Monday, Jan. 09, 1939
Shorts
In Paris, police arrested Bernard Tanenzapf, former president of Pathe Cinema,-on charges of embezzling at least $3,660,000. Lean, black-mustached, fiftyish, Bernard Tanenzapf, who also called himself Bernard Natan, started his career somewhere in Central Europe. He arrived in Paris about 1920, organized several small but profitable cinema producing companies, bought out Pathe's founder, Charles Pathe, in 1928.
In 1935, Pathe's stockholders accused its president of breaking the French law against forming dummy companies. Following year Pathe was declared bankrupt, whereupon M. Tanenzapf's connection with the company ended. Last spring Paris courts approved prosecution of M. Tanenzapf on a charge of "fraudulent creation of a fictitious majority" in Pathe stock, opened his books to a stockholders' committee, whose pryings uncovered the evidence for last fortnight's arrest.
Among the means whereby Pathe's Tanenzapf had apparently looted his company, which had $7,000,000 worth of assets in 1929, were false theatre leases, fictitious subsidiaries for manufacturing non-existent theatre equipment.
Arrested with Tanenzapf were eight of his associates, including one Alexander George Johannides, who, listed by Pathe as recipient of large payments for "inventions," told police he had never invented anything.
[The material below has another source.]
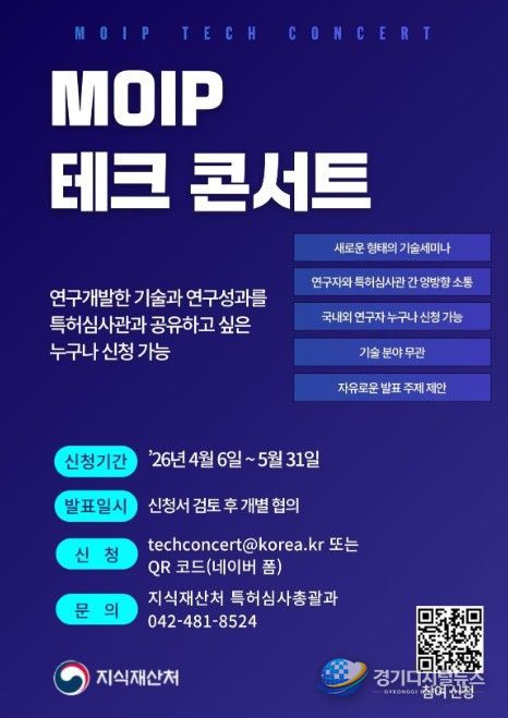 경기디지털뉴스 마성숙 기자 | 지식재산처는 4월 6일~5월 31일까지 기업 및 연구소가 개발하거나 연구한 최신 기술을 특허심사관과 공유하고, 연구자와 특허심사관과의 직접적인 소통을 강화하기 위한 ‘지식재산처(MOIP) 기술 공연(MOIP Tech Concert)'에 참여할 우수 연구자를 모집한다고 밝혔다.

Because of the long interval between Pathe's bankruptcy and the disclosure of its president's business technique, and because Pathe's Tanenzapf had often entertained members of the Chamber of Deputies at dinners and previews, the French press promptly scented another Stavisky scandal.
In Hollywood, where--contrary to general belief--night clubs rarely flourish, famed Earl Carroll last week opened the most elaborate cabaret-theatre-restaurant on the West Coast, equipped with almost an acre of floor space, patent-leather ceiling, two concentric revolving stages.
Present at the gala premiere were a quorum of Hollywood actresses, cinema celebrities like Darryl Zanuck, Jack Warner, Cecil B. DeMille, who had paid $1,000 each for "lifetime" cover charges, permission to sit in an "inner circle." Chunks of scenery fell down, the show was an hour late, the revolving stages failed to turn properly, microphones went dead, a disappearing platform jerked the prima donna out of sight during one of her songs, and a waiter dropped a trayful of dishes during a dance spectacle. Hollywood pronounced the opening a success.
In Manhattan, U. S. District Court Judge Vincent L. Leibell ordered Loews Inc. and three subsidiaries to pay Authors Edward Sheldon and Margaret Ayer Barnes $532,153 for plagiarizing their play Dishonored Lady, produced in 1930, in the picture Letty Lynton, produced in 1932.
Extras, according to Hollywood's Central Casting Corp., had a bad year in 1938. Total extra jobs for the year were 256,336 --approximately 40,000 less than last year. Despite a 10% pay raise, extras' total pay was $2,500,000, against $3,000,000 last year.
* Not connected with its onetime U. S. associates, Pathe Film Corp. and Pathe News, Inc., which became a subsidiary of RKO in 1931. Both stem from Pathe Exchange, Inc., founded in U. S. by Charles Pathe in 1914.